Итак, начать нужно было с признания — оно застряло у Фрэнка, как кость в горле. Начиная с той самой минуты, как он следом за Уордом вошел в бакалейную лавку Морриса, у Фрэнка постоянно было болезненное ощущение, что рано или поздно, как это ни будет тяжело и отвратительно, ему придется исторгнуть из себя в словах то, то он сделал. Ему казалось, что по какому-то пугающему волшебству он знал все это еще задолго до того, как вошел в лавку, до того, как познакомился с Уордом, даже до того, как приехал на Восток, — всю свою жизнь он знал, что когда-нибудь, хотя у него горло сожмется от стыда, он опустит глаза к земле и расскажет какому-нибудь несчастному сукину сыну о том, как он, Фрэнк, его предал или причинил ему горе. Такая мысль всегда в нем жила, она когтями скребла ему сердце, она была как комок в горле, который он не мог выплюнуть; это была болезненная необходимость выблевать из себя все, что он сделал — ибо что бы он ни сделал, это наверняка должно было быть что-то дурное, — очистить себя от скверны и дать себе этим немного покоя, что-то в себе наладить, начать все с начала, вернуться в прошлое, которое всегда, вплоть до сегодняшнего дня, издавало тошнотворное зловоние, — заново начать свою жизнь, изменить ее, да поскорее, пока это зловоние не задушило его.
И все же, когда Фрэнку представилась возможность признаться, — в то ноябрьское утро, в которое он остался в задней комнате один на один с Моррисом, и еврей угостил его чашкой кофе, и у Фрэнка возникло сильное искушение выложить все тут же, немедленно, — тогда он весь напрягся, чтобы выдохнуть из себя признание; но это означало бы перевернуть всю свою жизнь, со всеми ее разорванными корнями, с кровью; и в нем зародился страх, что если он начнет рассказывать обо всем дурном, что он натворил, то не кончит, пока не очернит себя до конца; и потому он лишь скороговоркой промямлил что-то о том, чего он в жизни натерпелся, и даже не упомянул о том, что так и рвалось наружу. Разговаривая с Моррисом, он бил на жалость, и ушел, отчасти удовлетворенный, — но ненадолго, потому что вскоре снова почувствовал, что должен во всем признаться, — он уже явственно слышал свои стоны, но ведь стоны — это не слова.

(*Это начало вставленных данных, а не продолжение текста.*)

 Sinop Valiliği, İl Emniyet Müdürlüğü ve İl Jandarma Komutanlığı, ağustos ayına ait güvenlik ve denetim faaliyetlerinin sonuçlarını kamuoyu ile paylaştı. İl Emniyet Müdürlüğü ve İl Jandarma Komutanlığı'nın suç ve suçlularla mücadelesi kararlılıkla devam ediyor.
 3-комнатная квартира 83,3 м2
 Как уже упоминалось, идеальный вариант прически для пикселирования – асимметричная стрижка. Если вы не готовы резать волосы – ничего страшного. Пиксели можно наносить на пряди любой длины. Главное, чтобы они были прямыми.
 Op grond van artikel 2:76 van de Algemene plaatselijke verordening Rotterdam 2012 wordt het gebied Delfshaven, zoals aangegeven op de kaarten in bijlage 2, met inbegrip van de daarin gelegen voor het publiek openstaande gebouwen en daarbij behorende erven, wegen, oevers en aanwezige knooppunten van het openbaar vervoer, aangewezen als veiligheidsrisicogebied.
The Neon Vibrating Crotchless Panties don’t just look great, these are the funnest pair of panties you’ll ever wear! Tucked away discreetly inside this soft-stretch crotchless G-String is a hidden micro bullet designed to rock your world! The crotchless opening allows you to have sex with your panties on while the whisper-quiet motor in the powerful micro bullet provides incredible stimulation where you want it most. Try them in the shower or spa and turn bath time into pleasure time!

Фрэнк спорил сам с собой, пытаясь убедить себя, что рассказав о себе только то, что было сказано, он поступил благоразумно. Хватит, хватит. И, к тому же, стоит ли исповедоваться перед евреем за его жалкие семь с половиной долларов, которые Фрэнк, к тому же, потом положил ему назад в кассу, да за удар по голове, который Моррис получил от Уорда? А ведь Фрэнк тогда с Уордом и идти-то не хотел — вернее, может, и хотел, но хотел вовсе не того, чем все это кончилось на самом деле. Это еще следовало обмозговать, не так ли? Мало того, Фрэнк просил же этого гада никого не бить, а потом отшил его, когда тот стал предлагать ему идти грабить Карпа, на которого они с самого начала и нацелились. Это доказывало, что у Фрэнка самые лучшие намерения на будущее, разве не так? И кто, как не он, после всего того, что произошло, чуть свет трясся от стужи и торчал за углом на таком ветру, что штаны к ногам примерзали, поджидая, пока Моррис выползет из дому, и помогал ему втаскивать эти ящики с бутылками, а потом вкалывал по двенадцать часов в сутки, пока еврей отдыхал себе наверху и валялся в постели? Да и теперь — кто, как не он, Фрэнк, приносит лавке хорошую выручку, чтобы еврей не подох с голоду в своей крысиной норе? Все это ведь тоже кое-что значило.